Task item:
For the records that follow, please set down exactly the lines between the one holding "平时银行只开放两个办理业务窗" and the one holding "U stan se ulazi", inclusive, and only those.

Source material:
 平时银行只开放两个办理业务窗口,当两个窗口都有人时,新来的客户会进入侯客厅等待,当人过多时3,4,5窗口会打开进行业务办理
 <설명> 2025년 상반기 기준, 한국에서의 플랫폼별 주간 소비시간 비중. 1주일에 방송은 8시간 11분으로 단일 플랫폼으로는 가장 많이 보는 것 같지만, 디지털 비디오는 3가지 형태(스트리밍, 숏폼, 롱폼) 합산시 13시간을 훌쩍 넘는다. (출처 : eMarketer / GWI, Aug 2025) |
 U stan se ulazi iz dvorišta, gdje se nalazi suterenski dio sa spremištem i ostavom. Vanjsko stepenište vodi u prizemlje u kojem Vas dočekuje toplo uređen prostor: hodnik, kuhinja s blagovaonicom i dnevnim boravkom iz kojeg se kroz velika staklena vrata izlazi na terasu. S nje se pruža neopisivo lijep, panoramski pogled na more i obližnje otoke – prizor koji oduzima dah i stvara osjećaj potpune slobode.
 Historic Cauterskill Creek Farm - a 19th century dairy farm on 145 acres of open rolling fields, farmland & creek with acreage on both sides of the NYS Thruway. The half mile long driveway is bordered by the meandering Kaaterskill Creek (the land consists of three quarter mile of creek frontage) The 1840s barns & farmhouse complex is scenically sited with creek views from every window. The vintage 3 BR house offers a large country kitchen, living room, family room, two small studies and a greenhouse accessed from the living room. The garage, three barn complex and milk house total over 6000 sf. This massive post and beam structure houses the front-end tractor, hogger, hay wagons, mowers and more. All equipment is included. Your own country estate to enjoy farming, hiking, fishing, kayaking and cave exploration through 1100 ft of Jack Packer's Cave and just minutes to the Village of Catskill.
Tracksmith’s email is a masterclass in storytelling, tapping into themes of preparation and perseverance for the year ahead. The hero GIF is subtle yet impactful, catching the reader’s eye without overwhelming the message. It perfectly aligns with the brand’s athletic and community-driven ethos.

---

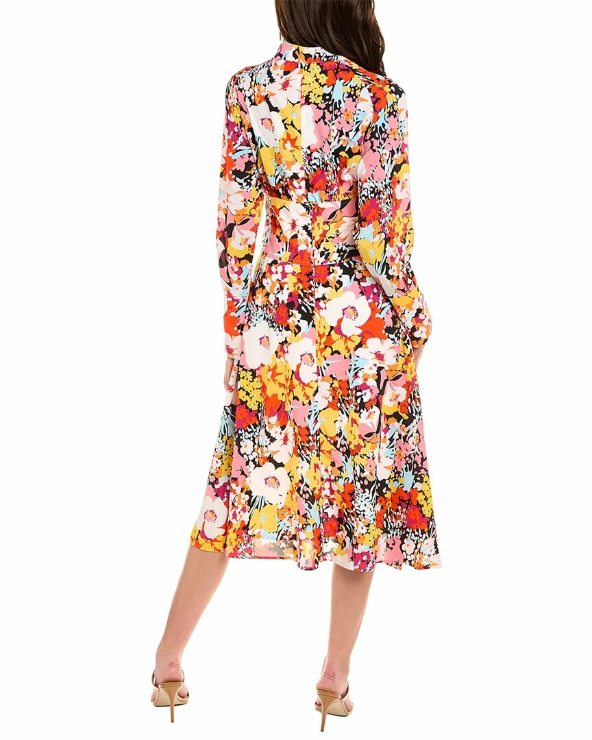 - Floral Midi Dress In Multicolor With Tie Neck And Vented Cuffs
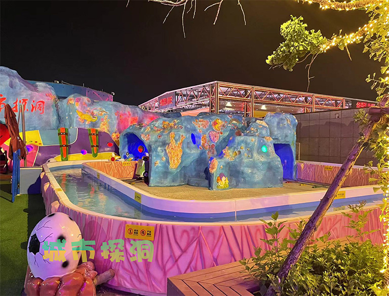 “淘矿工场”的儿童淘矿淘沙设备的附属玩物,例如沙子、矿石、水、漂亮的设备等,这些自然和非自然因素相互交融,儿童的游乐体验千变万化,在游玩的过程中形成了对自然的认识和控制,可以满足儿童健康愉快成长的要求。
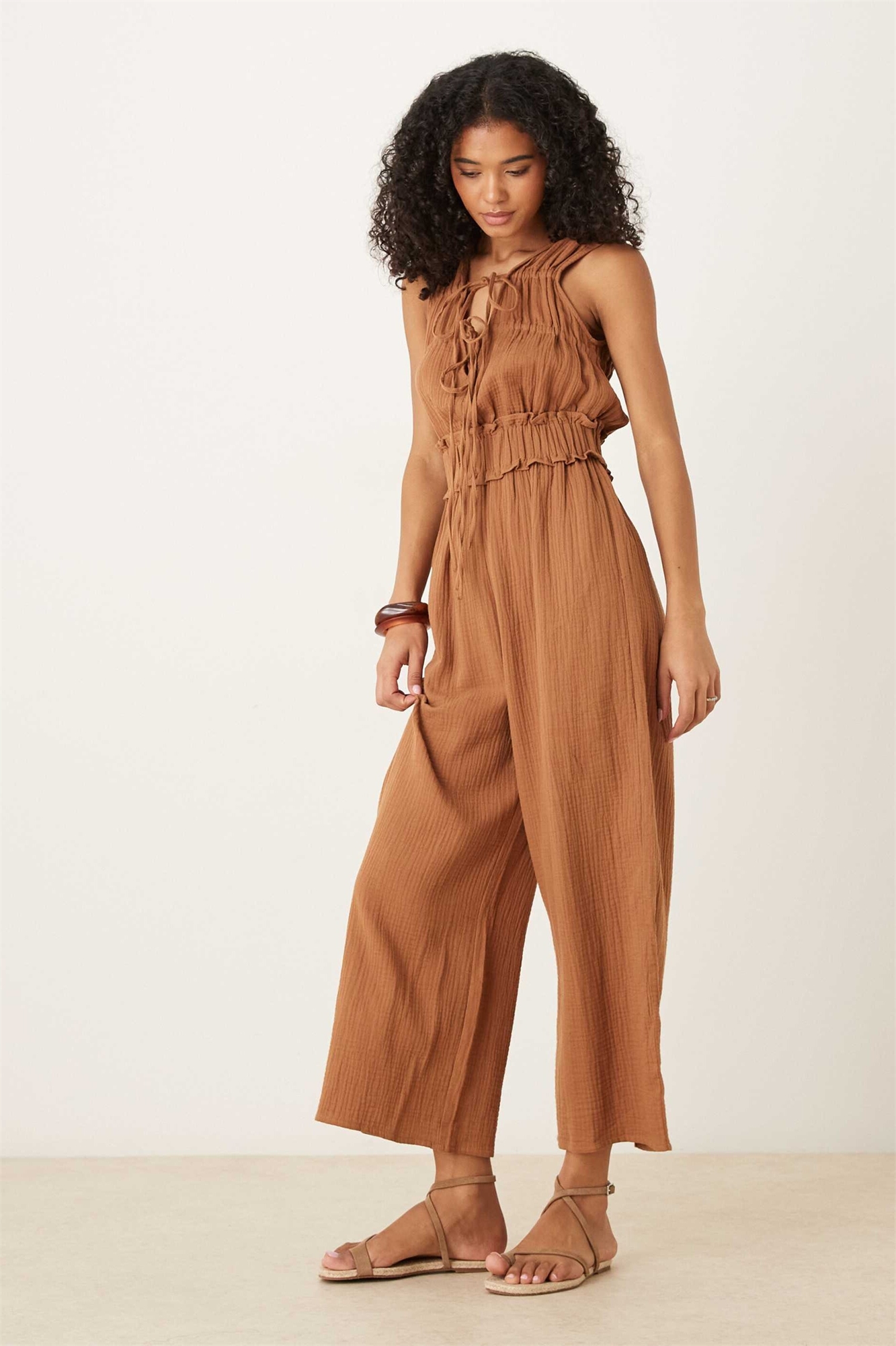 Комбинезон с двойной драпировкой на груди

---

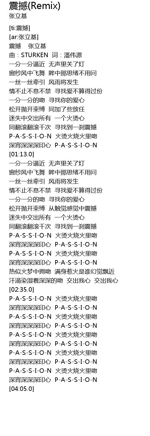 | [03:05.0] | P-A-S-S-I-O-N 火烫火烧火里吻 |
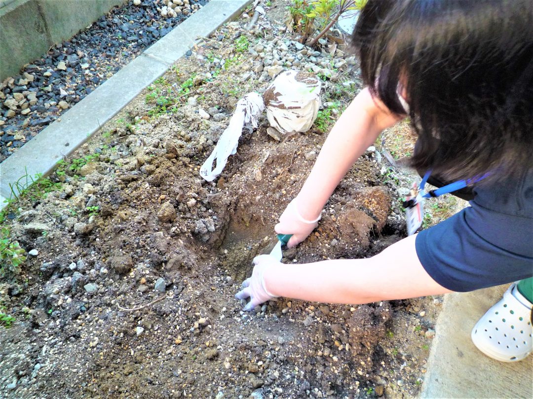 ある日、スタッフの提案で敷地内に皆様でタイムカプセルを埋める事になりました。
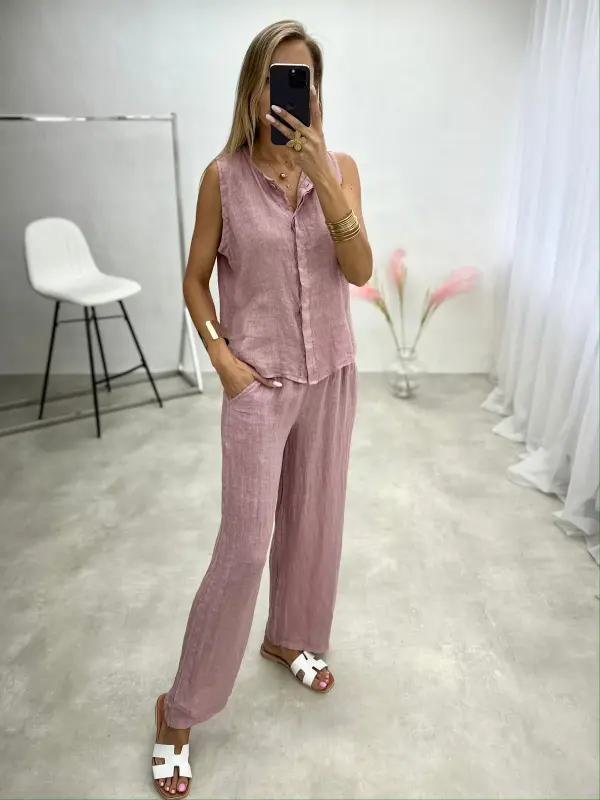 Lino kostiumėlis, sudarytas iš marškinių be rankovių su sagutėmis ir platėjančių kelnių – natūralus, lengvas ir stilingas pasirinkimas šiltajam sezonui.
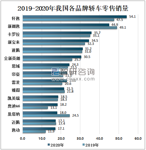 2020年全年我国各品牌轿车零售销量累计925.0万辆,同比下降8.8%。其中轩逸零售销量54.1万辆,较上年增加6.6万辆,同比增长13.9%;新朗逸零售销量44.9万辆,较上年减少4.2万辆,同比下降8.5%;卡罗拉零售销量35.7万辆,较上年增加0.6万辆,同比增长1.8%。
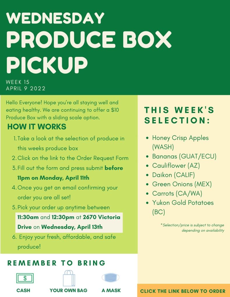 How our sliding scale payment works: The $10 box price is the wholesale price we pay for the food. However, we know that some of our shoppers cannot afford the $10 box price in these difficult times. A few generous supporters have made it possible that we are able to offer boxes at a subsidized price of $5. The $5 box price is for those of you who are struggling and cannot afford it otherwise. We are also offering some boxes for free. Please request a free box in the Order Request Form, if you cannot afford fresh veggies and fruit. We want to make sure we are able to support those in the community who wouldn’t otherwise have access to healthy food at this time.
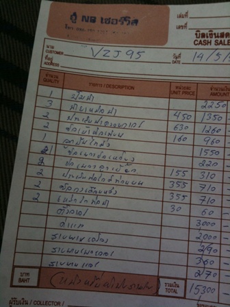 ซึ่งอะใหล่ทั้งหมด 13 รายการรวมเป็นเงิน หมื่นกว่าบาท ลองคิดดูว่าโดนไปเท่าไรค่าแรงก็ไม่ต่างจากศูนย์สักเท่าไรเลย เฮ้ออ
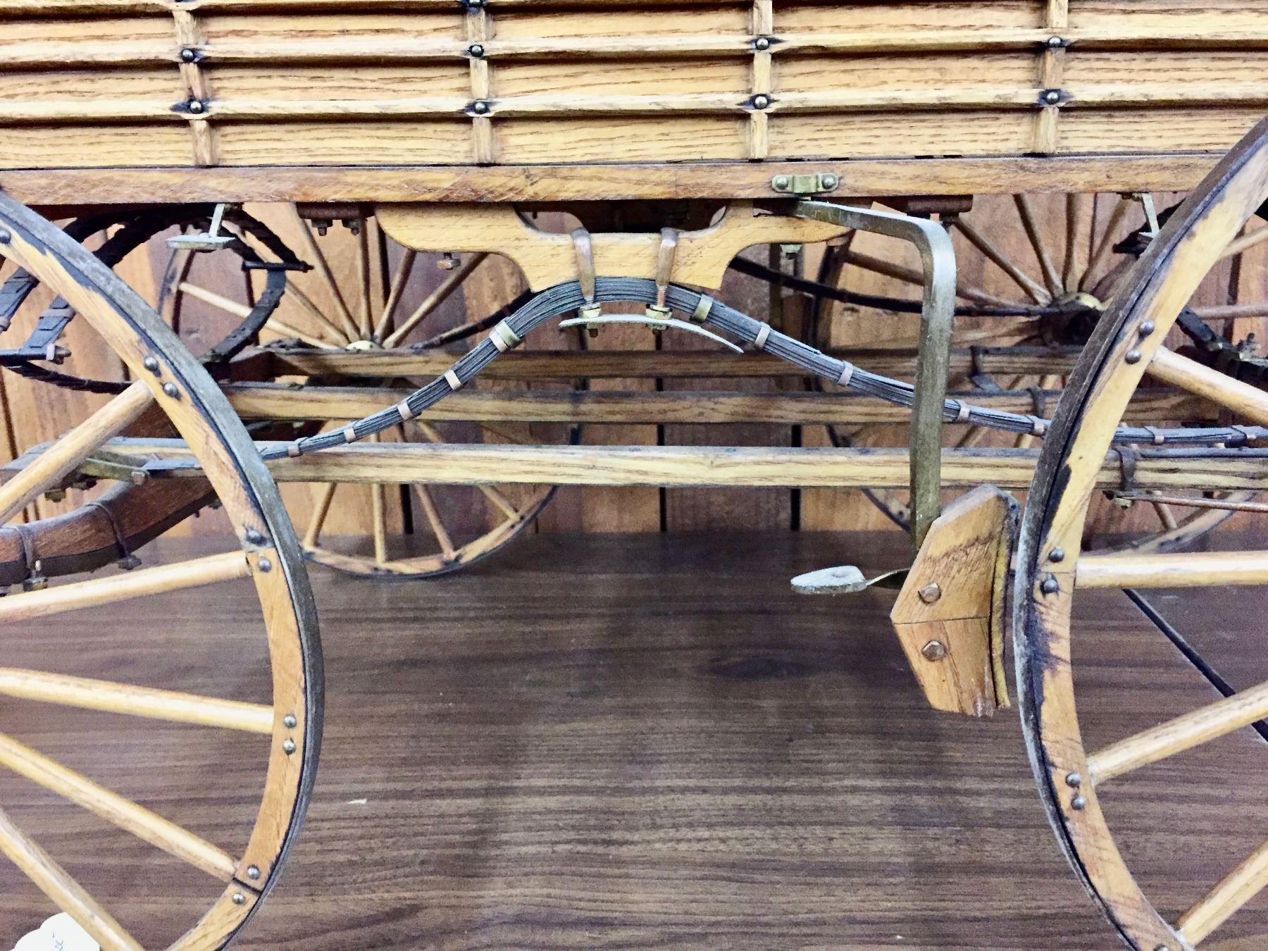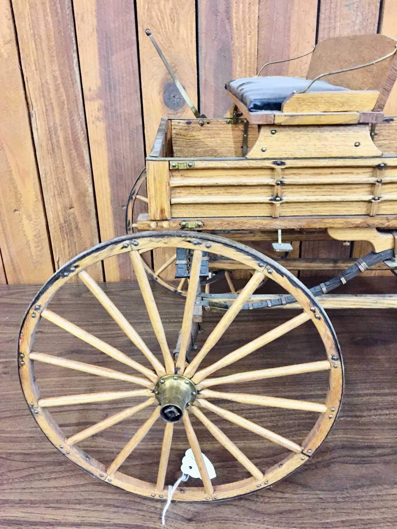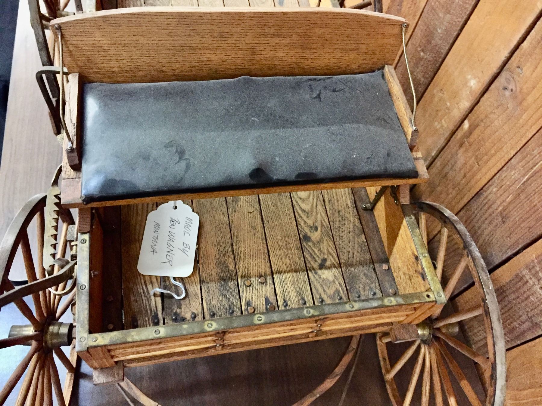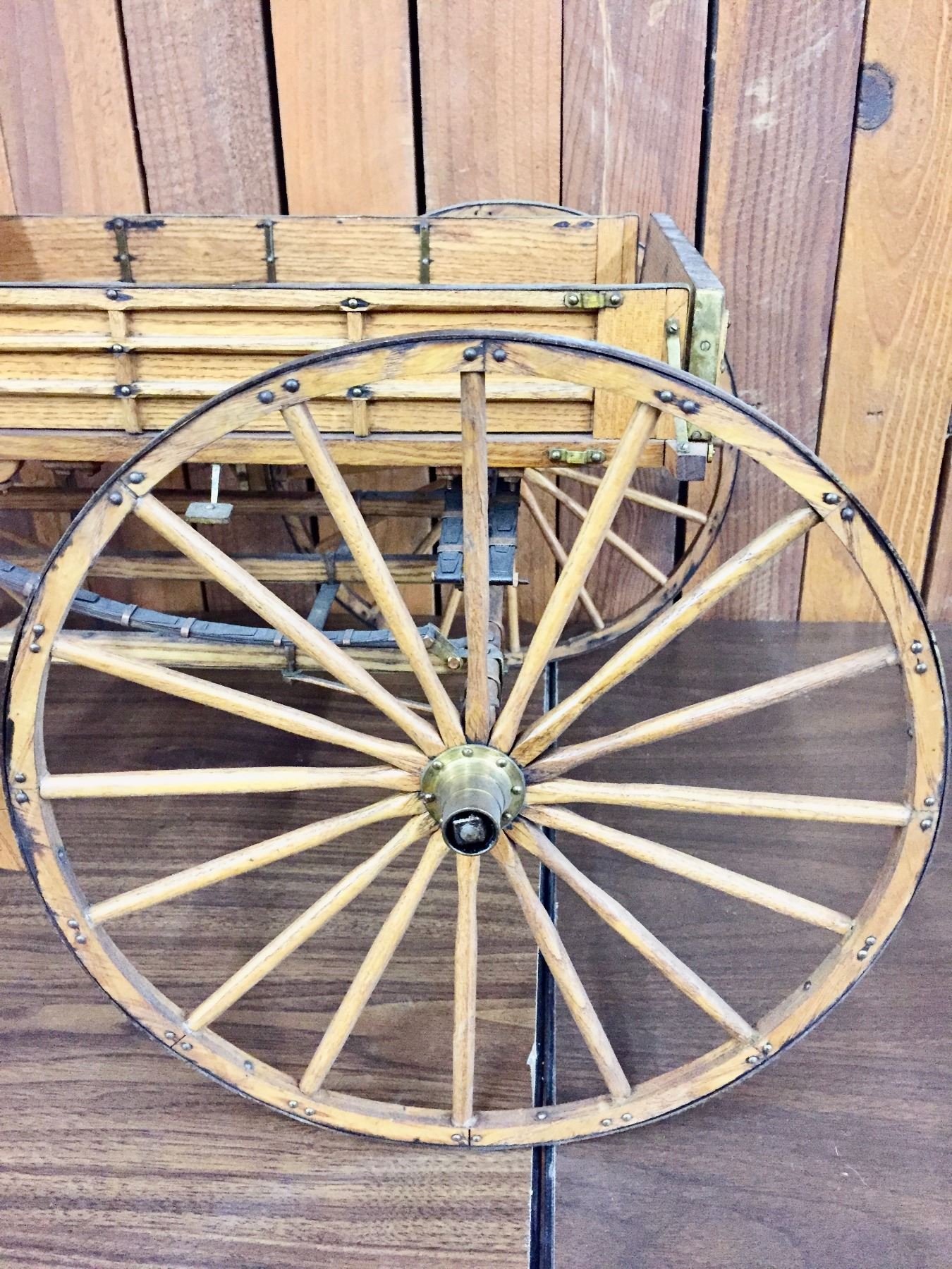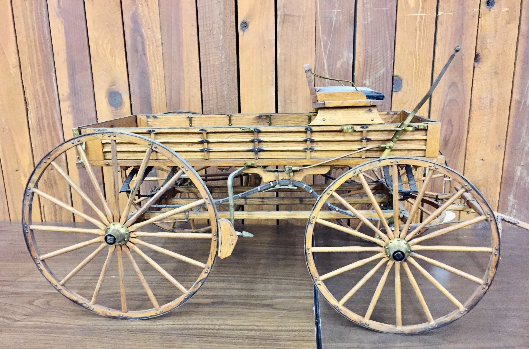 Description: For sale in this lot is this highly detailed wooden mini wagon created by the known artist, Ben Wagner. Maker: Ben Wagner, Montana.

Solution for this task:
 平时银行只开放两个办理业务窗口,当两个窗口都有人时,新来的客户会进入侯客厅等待,当人过多时3,4,5窗口会打开进行业务办理
 <설명> 2025년 상반기 기준, 한국에서의 플랫폼별 주간 소비시간 비중. 1주일에 방송은 8시간 11분으로 단일 플랫폼으로는 가장 많이 보는 것 같지만, 디지털 비디오는 3가지 형태(스트리밍, 숏폼, 롱폼) 합산시 13시간을 훌쩍 넘는다. (출처 : eMarketer / GWI, Aug 2025) |
 U stan se ulazi iz dvorišta, gdje se nalazi suterenski dio sa spremištem i ostavom. Vanjsko stepenište vodi u prizemlje u kojem Vas dočekuje toplo uređen prostor: hodnik, kuhinja s blagovaonicom i dnevnim boravkom iz kojeg se kroz velika staklena vrata izlazi na terasu. S nje se pruža neopisivo lijep, panoramski pogled na more i obližnje otoke – prizor koji oduzima dah i stvara osjećaj potpune slobode.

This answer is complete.